Plant and Soil

, Volume 358, Issue 1–2, pp 323–335 | Cite as

Exploring short-term leaf-litter decomposition dynamics in a Mediterranean ecosystem: dependence on litter type and site conditions

  • María AlmagroEmail author
  • María Martínez-Mena
Regular Article



Plant litter decomposition plays an important role in the storage of soil organic matter in terrestrial ecosystems. Conversion of native vegetation to agricultural lands and subsequent land abandonment can lead to shifts in canopy structure, and consequently influence decomposition dynamics by alterations in soil temperature and moisture conditions, solar radiation exposure, and soil erosion patterns. This study was conducted to assess which parameters were more closely related to short-term decomposition dynamics of two predominant Mediterranean leaf litter types.


Using the litterbag technique, we incubated leaf litter of Pinus halepensis and Rosmarinus officinalis in two Mediterranean land-uses with different degree of vegetation cover (open forest, abandoned agricultural field).

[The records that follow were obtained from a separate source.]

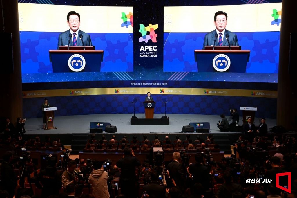 이재명 대통령이 29일 오전 경북 경주 예술의전당 화랑홀에서 열린 2025 아시아태평양경제협력체 최고경영자 서밋(APEC CEO SUMMIT)에서 기조연설을 하고 있다.
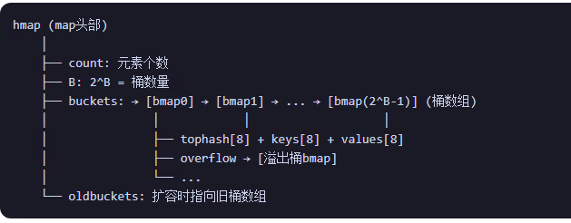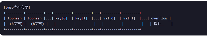 type bmap struct {tophash [8]uint8 // 8个哈希值高8位(用于快速比较)// 后面跟着8个key和8个value(内存中连续存储)// 最后是一个指向溢出桶的指针
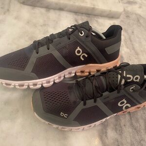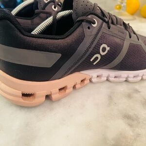 Sleek On Running shoes in black with pink accents. Ideal for running and casual wear. Wonderful shoe, retail $160, one shoe has minor damage due to a hot flat iron packed in my weekender bag and slightly melted the edge, not impacting the integrity of shoe. My loss your win! Check out pics the shoe is flawless, otherwise!
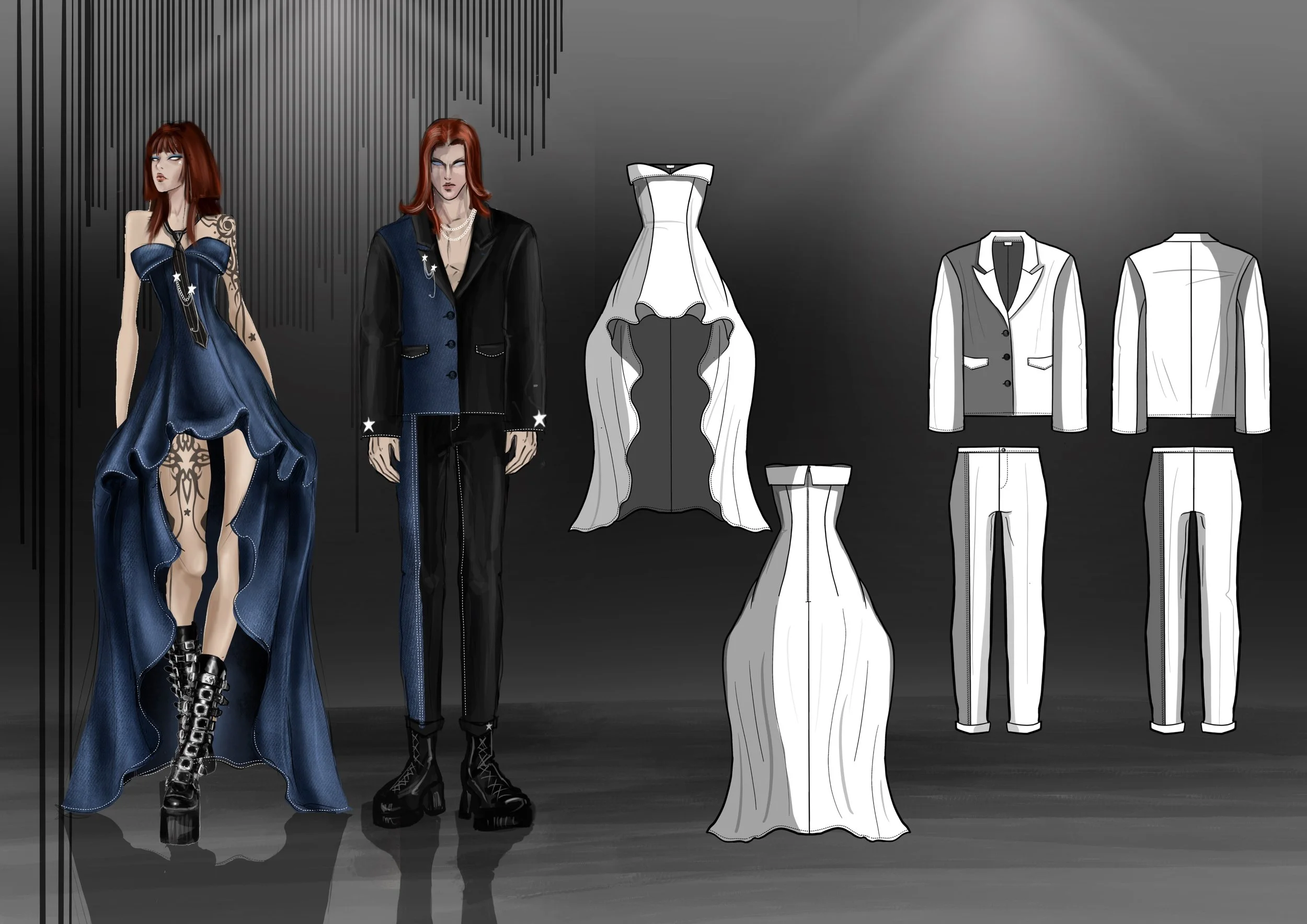 Created two original looks—one womenswear and one menswear—designed using gabardine and denim fabrics. Selected among top students to be featured in the ITU digital 3D runway show. The designs were developed and visualized entirely in CLO3D, and officially presented on the virtual runway.
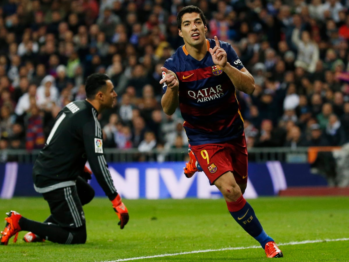 Barcelona vs Real Madrid. Luis Suárez Barcelona right footed shot from the centre of the box to the bottom left corner. It covered a period from 1 July 2016 to 30 June 2017.
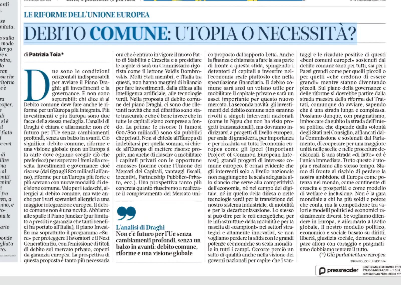 Articolo di Patrizia Toia pubblicato dal Corriere della Sera.
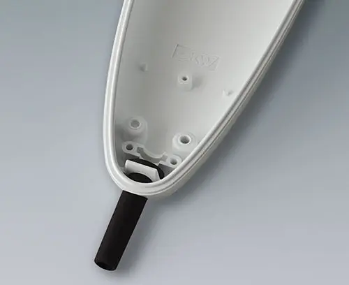 STYLE-CASE L Two-piece hand-held enclosure with an ergonomic, robust design and a pleasant touch sensation. Offers protection up to IP 65 with sealing (accessory). Protection class IP 40 without sealing. Attachment pillars for PCBs and components in the top and bottom parts.
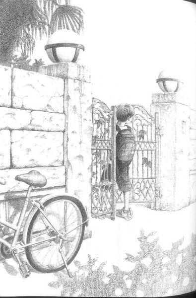 被藤蔓缠绕的青铜格子的铁门门扉,此时被稍微地打开了。之前每次来时,铁门总是关得紧紧的,而且还上了有铁链的锁——
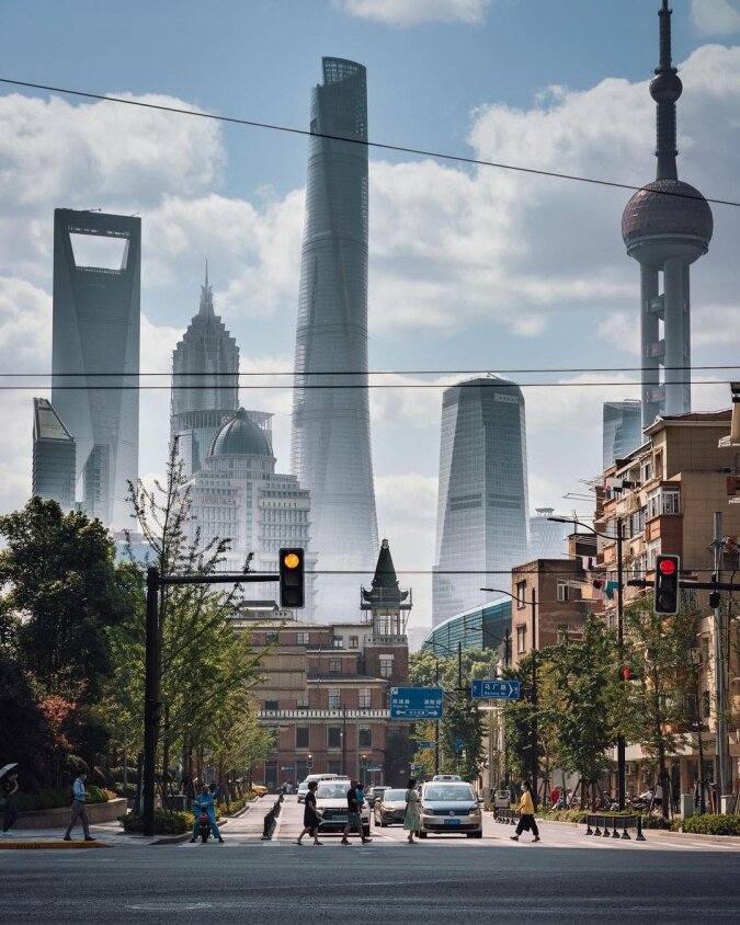 Zdjęcie 8. Wieżowce w Szanghaju. W okolicy Pudong, na tle starych, ale bardzo estetycznych budynków, znajdują się ogromne wielokondygnacyjne kompleksy biurowe.
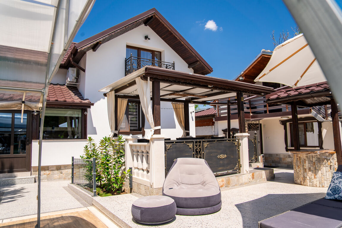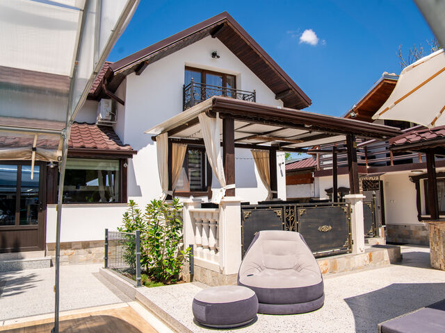 - телевизия, интернет, климатици, голям паркинг, басейн, детски кът с люлка, пързалка и батут, джакузи, масажен стол, сешоар, ютия, колона

Fresh local litter lost between 20 and 55% of its initial mass throughout the 20-month incubation period. Rosemary litter decomposed faster than pine litter, showing net N immobilization in the early stages of decomposition, in contrast to the net N release exhibited by pine litter. Parameters related to litter quality (N content or C:N) or land-use/site conditions (ash content, an index of soil deposition on litter) were found to explain the cross-site variability in mass loss rates for rosemary and Aleppo pine litter, respectively.

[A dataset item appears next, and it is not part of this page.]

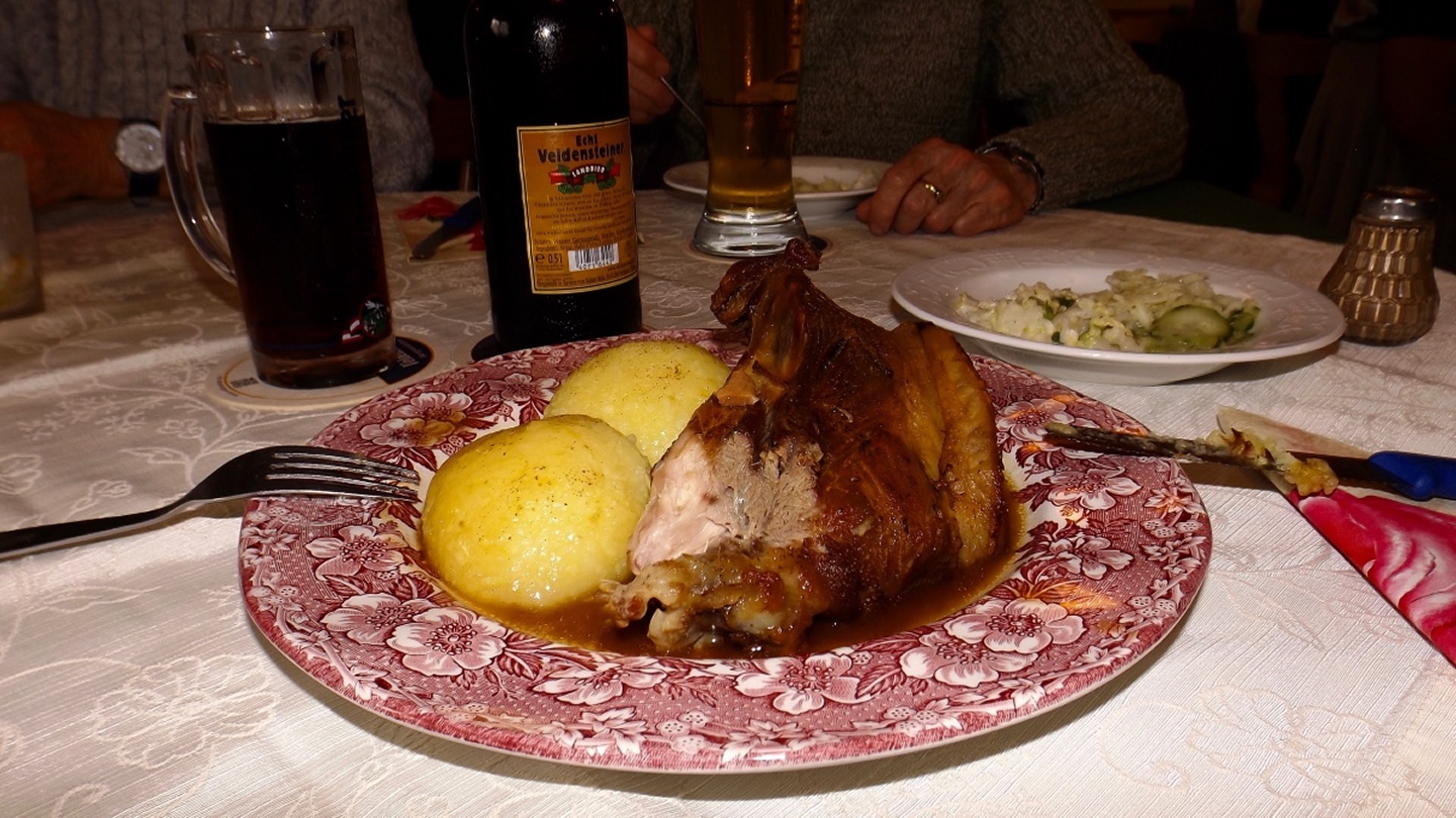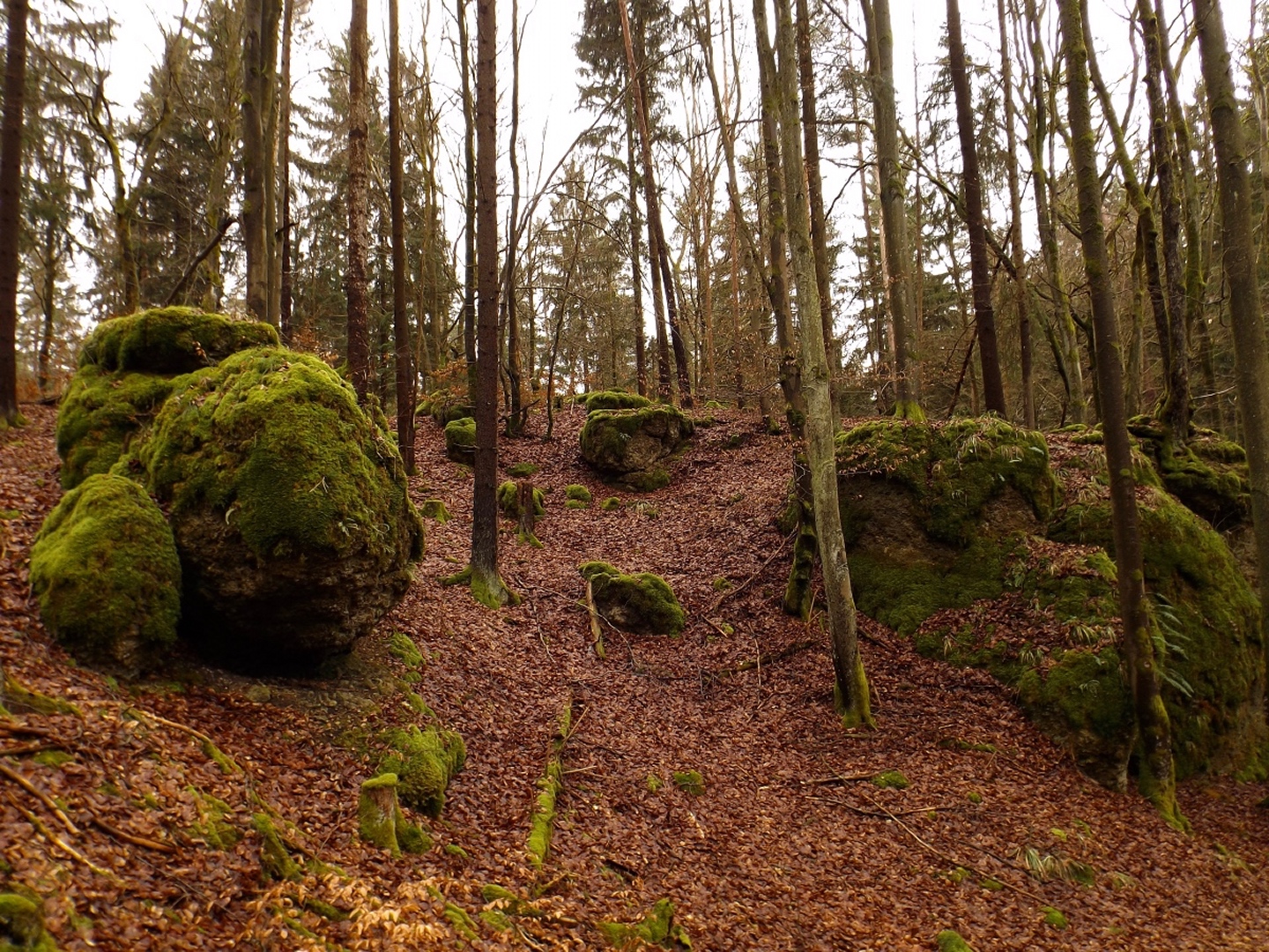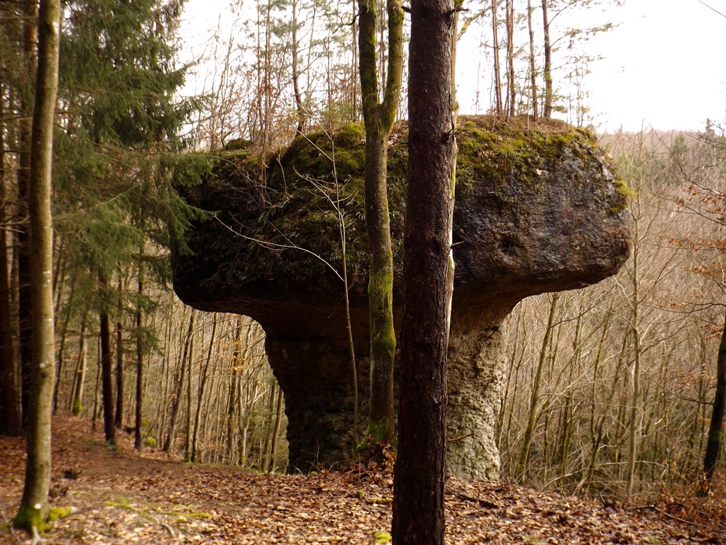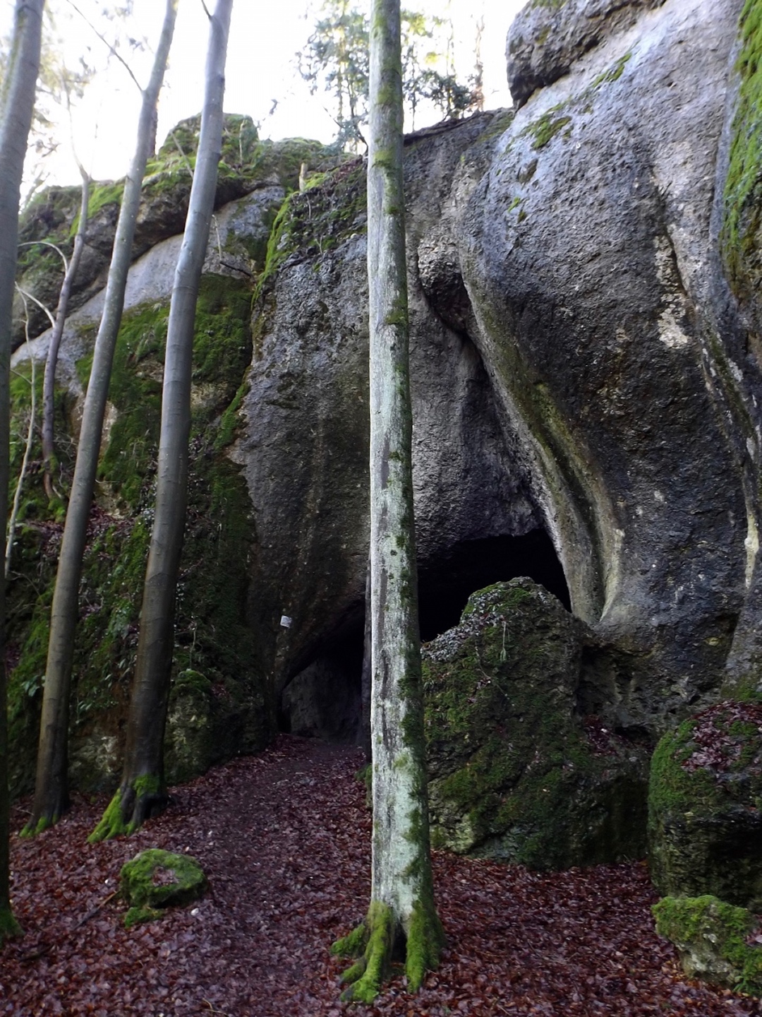 Folglich machte ich mich gegen neun Uhr auf den Weg nach Amberg, um rechtzeitig am Treffpunkt zu sein, und wurde gleich recht herzlich aufgenommen. Insgesamt waren zwölf Personen erschienen, die sich auf drei Autos verteilten und ohne Hektik zum Ausgangspunkt mitten im Wald südlich von Auerbach transportiert wurden. Von dort gingen wir auf mir völlig unbekannten und nicht immer auf dem Garmin ganz nachvollziehbaren, aber klar markierten Wegen und Pfaden, vorbei an verschiedenen Felsformationen und Höhlen, zum Rabenfels, einer besonders markanten Formation am Südwesthang des namenlosen Berges nördlich des Nestelgrunds. Nach einer kurzen Rast dort gingen wir weiter über den Brunnstein und Parasolfelsen (wobei wir eigentlich keines der beiden Naturdenkmäler erklommen, sondern nur vorbeigingen bzw. für Gruppenfotos davor posierten) zum Eichenkreuz und weiter auf der Forststraße zur Hohen Tanne. Diese ist kein Baum, sondern ein Landgasthof im gleichnamigen Weiler. Hier kehrten wir ein, und ich durfte mit hinein, obwohl Hunde eigentlich nicht erwünscht sind und ich ja nach chinesischem Sternzeichen einer bin. Karlie hätte Pech gehabt, war aber sowieso nicht dabei. Laut Info aus dem Internet gibt es dort gutes Wild, was sich aber heute auf Wildschweinbraten beschränkte. Da beim OWV Schwandorf Anfang März ein Wildschweinessen angesagt ist, verzichtete ich darauf und entschied mich stattdessen für ein Schäuferl, eine Wahl, die ich nicht bereute. Ein zweites Knödel und von Haus aus etwas mehr Soße hätten nicht geschadet, aber der Geschmack war exzellent, was auch auf das Veldensteiner Landbier zutraf. Gut gestärkt schlängelten wir uns auf anderen Abschnitten des Eichkatzlsteigs wieder zurück zum Eichenkreuz und weiter zu einer Abzweigung, die wir am Vormittag heruntergekommen waren. Nach einem am Gestrüpp gescheiterten Versuch, eine Abkürzung zur Steinernen Stadt zu finden, sparten wir uns einen zweiten steilen Aufstieg zur Vogelherdgrotte und verzichteten aus Zeitgründen auch ganz auf die Steinerne Stadt, sondern kehrten direkt zu den Autos zurück. Diese Entscheidung erwies sich als extrem richtig, denn wir waren kaum zurück auf der B 85, als es richtig zu regnen begann. So kamen wir ziemlich trocken zurück nach Amberg und ich weiter nach Schwandorf.

The results from this study suggest that decomposition drivers may differ depending on litter type in this Mediterranean ecosystem. While rosemary litter was degraded mainly by microbial activity, decomposition of pine litter was likely driven primarily by abiotic processes like soil erosion.


Carbon cycle Litter decomposition Mediterranean ecosystem N immobilization Soil erosion Vegetation structure 



This research was supported with funds provided by the Spanish CICYT (ERHIBAC project, GGL2004-03179 BTE; PROBASE project, CGL2006-11619 HID), the SÉNECA Foundation of the Murcia Regional Government (03027/PI/05; 08757/PI/08), and the Spanish Ministerio de Medio Ambiente (RESEL project). We thank Javier Melgares, the owner of the experimental area, and Sebastian for their great interest in helping us during our work, and the members of the Soil and Water Conservation Department, who helped us in the lab and field work. The authors also thank Marta Goberna and Nacho Querejeta for helpful comments on the manuscript, and Gonzalo Barberá for his useful advice with statistical analyses. The State Agency of Meteorology (AEMET) is also acknowledged for providing some rainfall data.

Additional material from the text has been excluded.